When I look at the desired output I can't help but think about using one of the numpy grid data production functions.
import numpy
first_column, second_column, third_column = numpy.mgrid[1:4,1:4,1:4]
numpy.dstack((first_column.flatten(),second_column.flatten(),third_column.flatten()))
Out[23]:
array([[[1, 1, 1],
[1, 1, 2],
[1, 1, 3],
[1, 2, 1],
[1, 2, 2],
[1, 2, 3],
[1, 3, 1],
[1, 3, 2],
[1, 3, 3],
[2, 1, 1],
[2, 1, 2],
[2, 1, 3],
[2, 2, 1],
[2, 2, 2],
[2, 2, 3],
[2, 3, 1],
[2, 3, 2],
[2, 3, 3],
[3, 1, 1],
[3, 1, 2],
[3, 1, 3],
[3, 2, 1],
[3, 2, 2],
[3, 2, 3],
[3, 3, 1],
[3, 3, 2],
[3, 3, 3]]])
Of course, the utility of this particular approach might depend on the variety of input you need to deal with, but I suspect this could be an interesting way to build the data and numpy is pretty fast for this kind of thing. Presumably if your input list has more elements you could have more min:max arguments fed into mgrid[] and then unpack / stack in a similar fashion.
Here is a simplified version of your program, which works. Comments will follow.
number_list = []
def _adjust_counter_value(counter, n, max_count):
"""
We want the counter to go from 1 to max_count, then start over at 1.
This function adds n to the counter and then returns a tuple:
(new_counter_value, carry_to_next_counter)
"""
assert max_count >= 1
assert 1 <= counter <= max_count
# Counter is in closed range: [1, max_count]
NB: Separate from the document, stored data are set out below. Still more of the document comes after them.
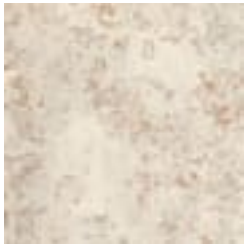
AZ53169 BEIGE BAND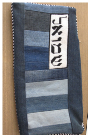
The tallit bag, made from patches from jeans of the entire family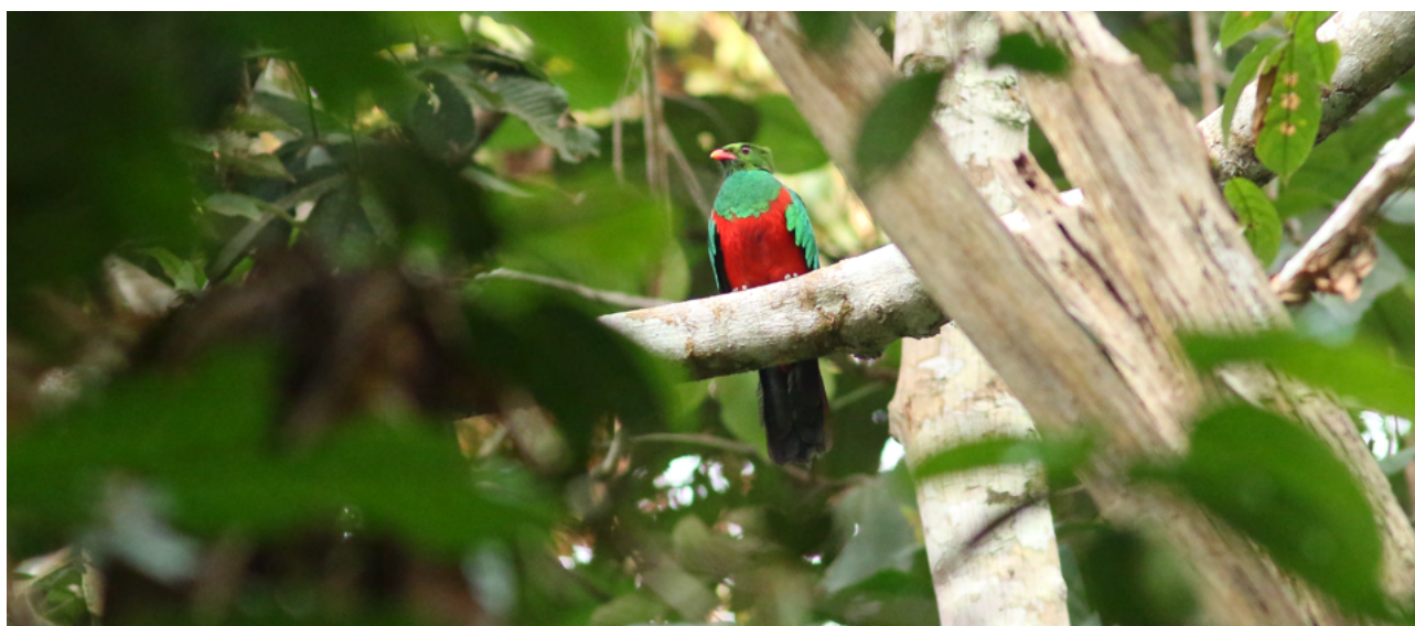
Pavonine Quetzal Pharomachrus pavoninus

When we hit the trails again after lunch we encountered two most-wanted species. First we observed a Peruvian Recurvebill , perched in a thick bamboo patch and only from a certain point you had unobstructive views of the bird. Late afternoon Alex suddenly heard a Pavonine Quetzal call and soon we had great views of a male in the canopy. (-12.5623, -70.0934)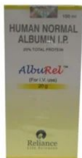
Alburel 20g Injection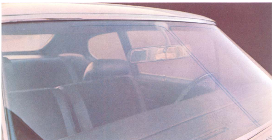
Windshield Antenna. A Grand Prix first and now standard equipment on all Pontiacs. Three big advantages. First, the radio reception is excellent. Second, it does away with the headache (and expense) of bent and broken antennas. Third, it eliminates the old-fashioned "buggy whip"—adds to Pontiac's smoother, cleaner look.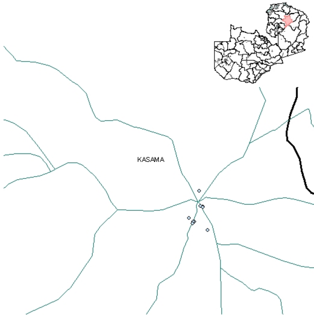
Figure 3: Households enumeration reported sprayed in the previous 12 months

Blue dots = houses reported sprayed within the previous 12 months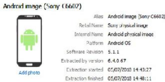
Fig. 4. Device Identification by Oxygen Forensic.

While in MOBILedit forensic the device identification result is as expected. Metadata from the device like serial number, IMEI, IMSI, ICCID, Root status. All of the important metadata can be revealed and documented as in Fig. 5. MOBILedit forensic is quite successful in identification mobiledit mobile device.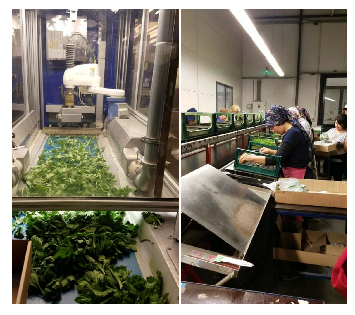
Figure 11. A robot and women workers sticking cuttings at Deliflor Chrysanthemum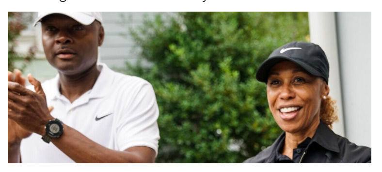
The International Coalition for Children with Incarcerated Parents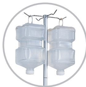
Easy on and off hooks make solution change easy and quick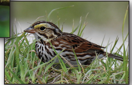
Savannah Sparrow Passerculus sandwichensi Band Code SAVS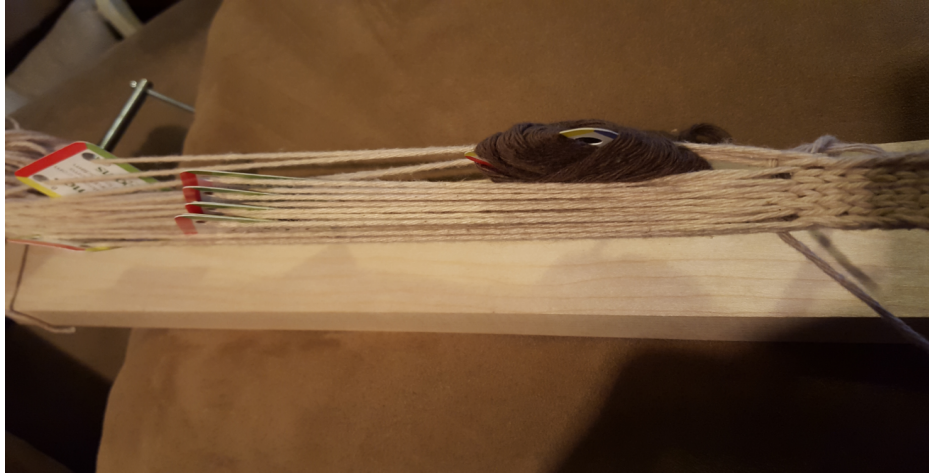
Illustration 2: Bringing brocade weft up inside of border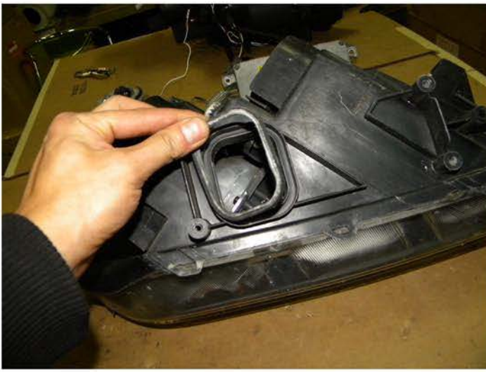
29. Remove the foam grommet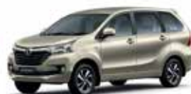
Gold leaf Metallic T23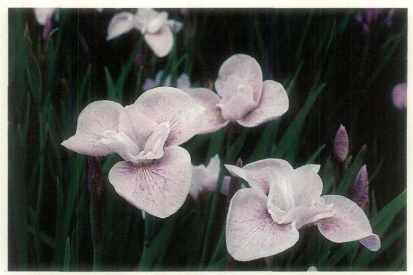
Mesa Pearl (Bauer/Coble '93) AM Winner for 2000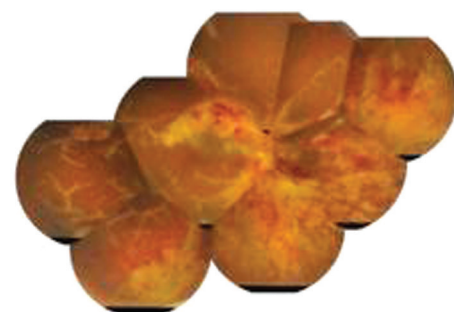
Figure 3 Fundus photograph of the same eye after 9mo displayed the typical CMV retinitis changes with extensive retinal necrosis and hemorrhage.

blindness in AIDS population. Early diagnosis for CMV retinitis could effectively control disease progress, prevent other serious complications and retain the patient’s visual function.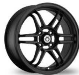
FULL MATTE BLACK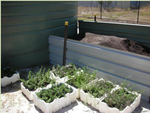
CVGT potted up these plants in February and many of these were propagated by the team in 2012 – well done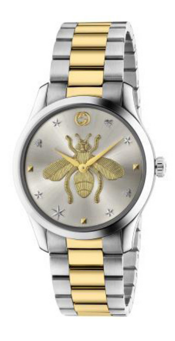
C. G-TIMELESS ICONIC 38mm Stainless steel case with steel and yellow gold PVD bracelet. Silver dial. Quartz. $1,150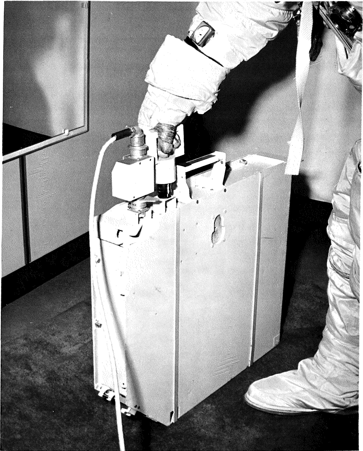
Figure 3 - Checkout of Connector Locking Quality.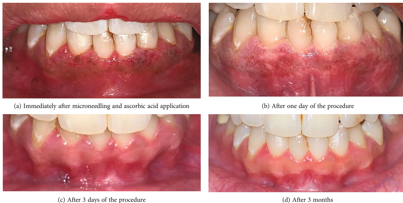
FIGURE 3: (a–d) Postoperative pictures of gingival depigmentation.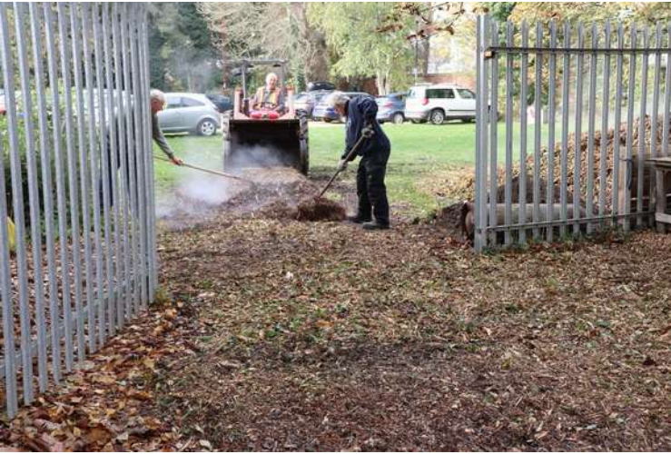
Laying down woodchip in the vehicle access road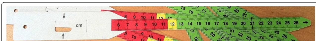
Figure 1 MUAC tape ($0.06, UNICEF supply catalogue) showing 3 classes: red, yellow and green.

The planned study method had involved going from home to home, and performing a 5 minutes training session for each mother; however this proved impossible. In both villages, once the objective of showing mothers how to perform MUAC classifications had been explained to the village chief and other leaders, it was considered to be so important that they insisted on calling an immediate meeting of the villagers. Mothers and children formed a seated group around the investigators, circled by the older girls who stood to obtain a good view, with the men and boys standing behind. Each mother did one MUAC measurement on the left arm, followed directly by one MUAC measurement on the right arm of their child. The mother called out the colour classification (eg "Red") and this was noted down by the investigator. This was then repeated by an experienced CHW testing the right and then the left arm of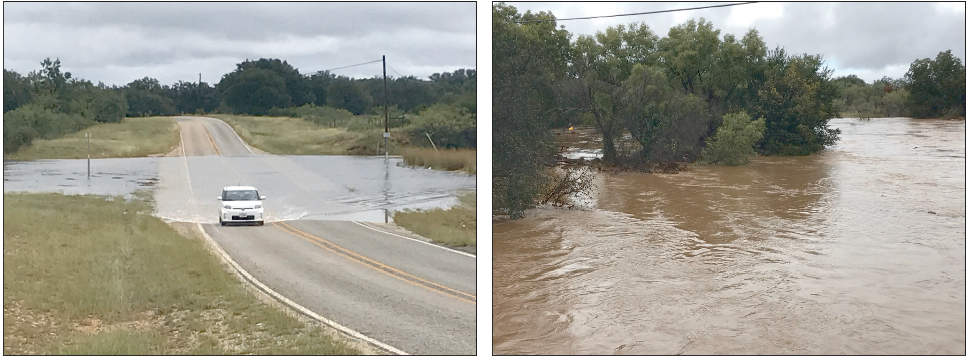
Lots of Water! Coke County experienced heavy rainfall in the overnight hours of Monday, October 8, 2018, and early morning, Tuesday, October 9, 2018. Some reports say that between 4 inches and 6 inches of rain had fallen over the watershed for Oak Creek Lake. Lake Dam Road (above left photo) had water over the road due to Oak Creek Lake going over the spillway. The above right photo shows the rise in water from a bridge west of Blackwell on FM 1170.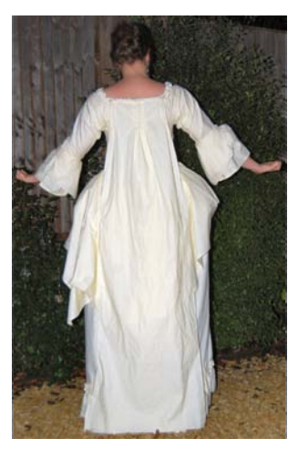
Fig. 11. Reproduction française assembled according to extant samples.

The addition of a 1910s corset was undoubtedly the alteration that most changed the entire feel of the outfit. My pose, as well as the hang of the dress and the fit of the bodice, was irrevocably altered, and I found myself in a strange limbo of hip-length, tight-waisted corset coupled with extravagantly draped skirts over side hoops [Fig. 11]. Such a condition cannot have helped actresses to 'become one' with characters from almost two hundred years in the past. However, this comment is a particularly twenty-first century take on characterisation. Michael Booth refers to the choice actors had when approaching a part, whether to play it 'emotionally' or 'intellectually'. Today, we might assume that both have equal relevance and importance. But throughout the nineteenth century the question of whether to "feel the emotions he portrays or simulate them by outward forms", an idea crystallised by Diderot in 1830, was still of relatively small significance.<sup>14</sup> Costumes undoubtedly helped an actor to express either emotion or intellect, but the relation of 'the self' to 'the character' is a distinctly modern theatrical contemplation. However, without a familiar body shape before them, the passionate yearning of critics to 'revive' elements of Georgian style in dress would probably not have occurred. Without a touch of sexual allure, as well as familiarity, the costumes might well have been viewed simply as quaint, laudable and totally unsuited to the modern world.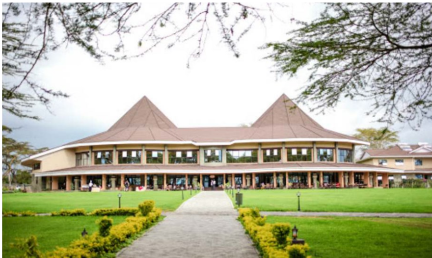
Conference focal point

Multi-Sectoral STI Conference will be held virtually, and the focal point will be at Lake Naivasha Resort , Moi Southlake Road, off Mai Mahiu Road, Naivasha, Kenya.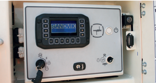
Simplified control panel for ease of operation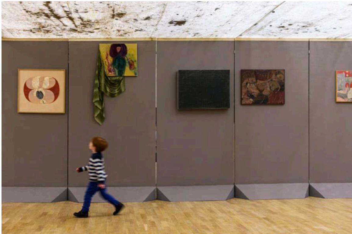
Kai Althoff Goes With Bernard Leach, installation view (detail), Whitechapel Gallery, London, 7 October 2020 – 10 January 2021.

Like many painters who emerged at the tail end of the 20th century, Althoff's style and subject matter seems haunted by the art of 100 years prior. But I am not sure that high art offers the clearest route into Althoff's bizarre world. His work seems instead to digest the half-remembered visual detritus with which human experience is strewn: album covers, psychedelic posters, comic strips, illustrated children's books. Some works have the lucid colouration of stained-glass windows in a postwar church. A pair of 2014 oil and enamel works showing pigs hidden within brown grooves resemble the sort of folk art you might find in a rustic gasthaus .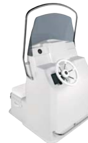
T4 console seat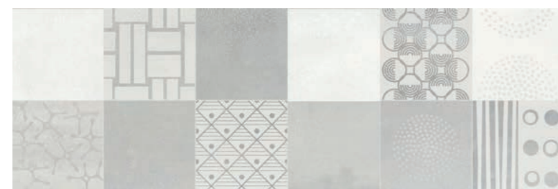
• Dec. Brienz Ceniza 33,3x100 Rec. M48 031.627.0019.03820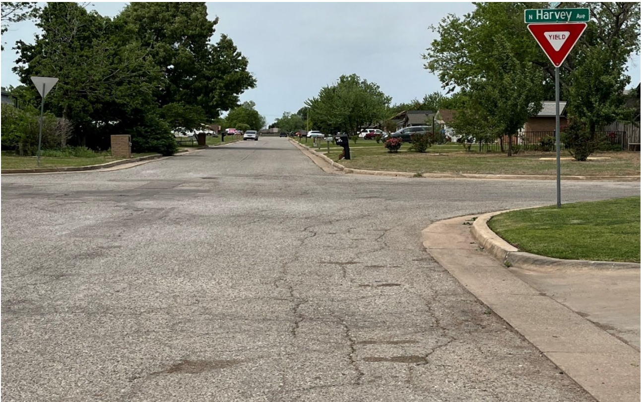
Looking west on NW 121 Street across N Harvey Avenue toward N Walker Avenue.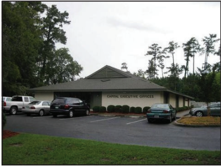
Capital Executive Offices 3236 Landmark Drive, Suite 115 N. Charleston, SC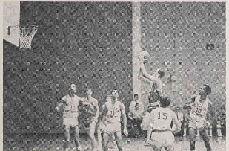
Morganton Defeats WCC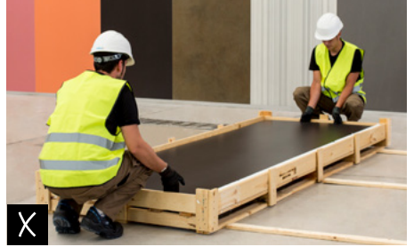
Do not position yourself opposite your workmate to remove the ceramic slabs from the box.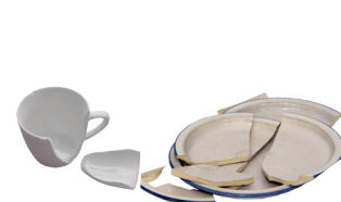
Broken Glass & Dishes (Please Wrap)

# Subtract 1 so expected value is in closed range [0, max_count - 1]
x = counter - 1 + n
carry, x = divmod(x, max_count)
# Add 1 so expected value is in closed range [1, max_count]
counter = x + 1
return (counter, carry)
def increment_counter(start, i, max_count):
last = len(start) - 1 - i
copy = start[:] # make a copy of the start
add = 1 # start by adding 1 to index
for i_cur in range(last, -1, -1):
copy[i_cur], add = _adjust_counter_value(copy[i_cur], add, max_count)
if 0 == add:
return (copy, i, max_count)
else:
# if we have a carry out of the 0th position, we are done with the sequence
return None
def all_values(fresh_start, i, max_count):
number_list.append(fresh_start)
new_values = increment_counter(fresh_start,i,max_count)
if new_values != None:
all_values(*new_values)
all_values([1,1,1],0,3)
import itertools as it
correct = [list(tup) for tup in it.product(range(1,4), range(1,4), range(1,4))]
assert number_list == correct
Since you want the counters to go from 1 through max_count inclusive, it's a little bit tricky to update each counter. Your original solution was to use several if statements, but here I have made a helper function that uses divmod() to compute each new digit. This lets us add any increment to any digit and will find the correct carry out of the digit.
Your original program never changed the value of i so my revised one doesn't either. You could simplify the program further by getting rid of i and just having increment_counter() always go to the last position.
If you run a for loop to the end without calling break or return, the else: case will then run if there is one present. Here I added an else: case to handle a carry out of the 0th place in the list. If there is a carry out of the 0th place, that means we have reached the end of the counter sequence. In this case we return None.
Your original program is kind of tricky. It has two explicit return statements in counter() and an implicit return at the end of the sequence. It does return None to signal that the recursion can stop, but the way it does it is too tricky for my taste. I recommend using an explicit return None as I showed.
Note that Python has a module itertools that includes a way to generate a counter series like this. I used it to check that the result is correct.
I'm sure you are writing this to learn about recursion, but be advised that Python isn't the best language for recursive solutions like this one. Python has a relatively shallow recursion stack, and does not automatically turn tail recursion into an iterative loop, so this could cause a stack overflow inside Python if your recursive calls nest enough times. The best solution in Python would be to use itertools.product() as I did to just directly generate the desired counter sequence.
Since your generated sequence is a list of lists, and itertools.product() produces tuples, I used a list comprehension to convert each tuple into a list, so the end result is a list of lists, and we can simply use the Python == operator to compare them.